_TRY IT_: Print the data below exactly, but only the lines from the one containing "Aggregate functions perform" down to the one containing "電永磁鐵聯(lián)用。對", inclusive.

_SUPPLIED RECORDS_:
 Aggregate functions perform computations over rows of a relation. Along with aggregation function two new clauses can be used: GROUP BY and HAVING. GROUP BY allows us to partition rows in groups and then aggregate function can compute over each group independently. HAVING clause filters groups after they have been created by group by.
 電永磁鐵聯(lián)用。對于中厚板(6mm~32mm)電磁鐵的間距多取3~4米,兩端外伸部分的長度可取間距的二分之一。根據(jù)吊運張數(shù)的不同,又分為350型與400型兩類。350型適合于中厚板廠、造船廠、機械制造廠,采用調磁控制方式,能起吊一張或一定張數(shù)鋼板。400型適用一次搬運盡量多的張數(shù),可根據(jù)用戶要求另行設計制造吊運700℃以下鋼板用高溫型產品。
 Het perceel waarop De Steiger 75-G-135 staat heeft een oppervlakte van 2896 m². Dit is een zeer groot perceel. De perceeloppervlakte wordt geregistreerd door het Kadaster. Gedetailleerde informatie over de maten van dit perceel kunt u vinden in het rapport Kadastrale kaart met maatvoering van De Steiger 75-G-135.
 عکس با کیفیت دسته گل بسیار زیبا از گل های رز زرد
==
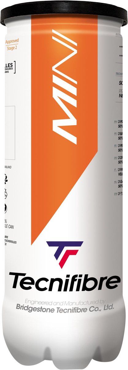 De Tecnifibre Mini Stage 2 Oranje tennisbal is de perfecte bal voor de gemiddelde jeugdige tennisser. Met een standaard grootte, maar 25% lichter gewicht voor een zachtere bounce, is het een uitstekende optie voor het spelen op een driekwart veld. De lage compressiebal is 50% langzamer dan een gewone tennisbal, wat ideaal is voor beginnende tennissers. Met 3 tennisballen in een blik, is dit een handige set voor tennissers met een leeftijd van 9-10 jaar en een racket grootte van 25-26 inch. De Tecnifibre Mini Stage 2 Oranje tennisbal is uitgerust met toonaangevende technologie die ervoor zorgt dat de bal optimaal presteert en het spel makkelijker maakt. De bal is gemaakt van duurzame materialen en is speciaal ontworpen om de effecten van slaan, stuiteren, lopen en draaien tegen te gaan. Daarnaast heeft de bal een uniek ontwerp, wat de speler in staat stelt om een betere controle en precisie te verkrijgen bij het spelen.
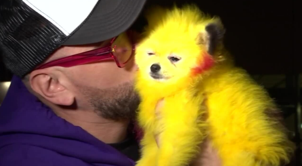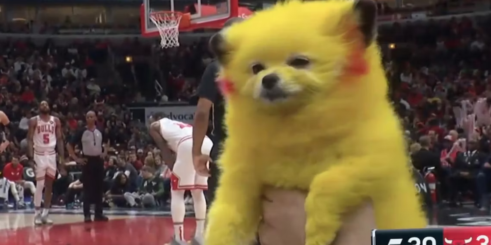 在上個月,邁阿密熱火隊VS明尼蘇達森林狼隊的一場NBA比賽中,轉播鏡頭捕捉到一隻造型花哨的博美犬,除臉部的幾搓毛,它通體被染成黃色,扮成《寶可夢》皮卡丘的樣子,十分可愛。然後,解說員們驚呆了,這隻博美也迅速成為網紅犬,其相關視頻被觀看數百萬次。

_ANSWER BELOW_:
 Aggregate functions perform computations over rows of a relation. Along with aggregation function two new clauses can be used: GROUP BY and HAVING. GROUP BY allows us to partition rows in groups and then aggregate function can compute over each group independently. HAVING clause filters groups after they have been created by group by.
 電永磁鐵聯(lián)用。對于中厚板(6mm~32mm)電磁鐵的間距多取3~4米,兩端外伸部分的長度可取間距的二分之一。根據(jù)吊運張數(shù)的不同,又分為350型與400型兩類。350型適合于中厚板廠、造船廠、機械制造廠,采用調磁控制方式,能起吊一張或一定張數(shù)鋼板。400型適用一次搬運盡量多的張數(shù),可根據(jù)用戶要求另行設計制造吊運700℃以下鋼板用高溫型產品。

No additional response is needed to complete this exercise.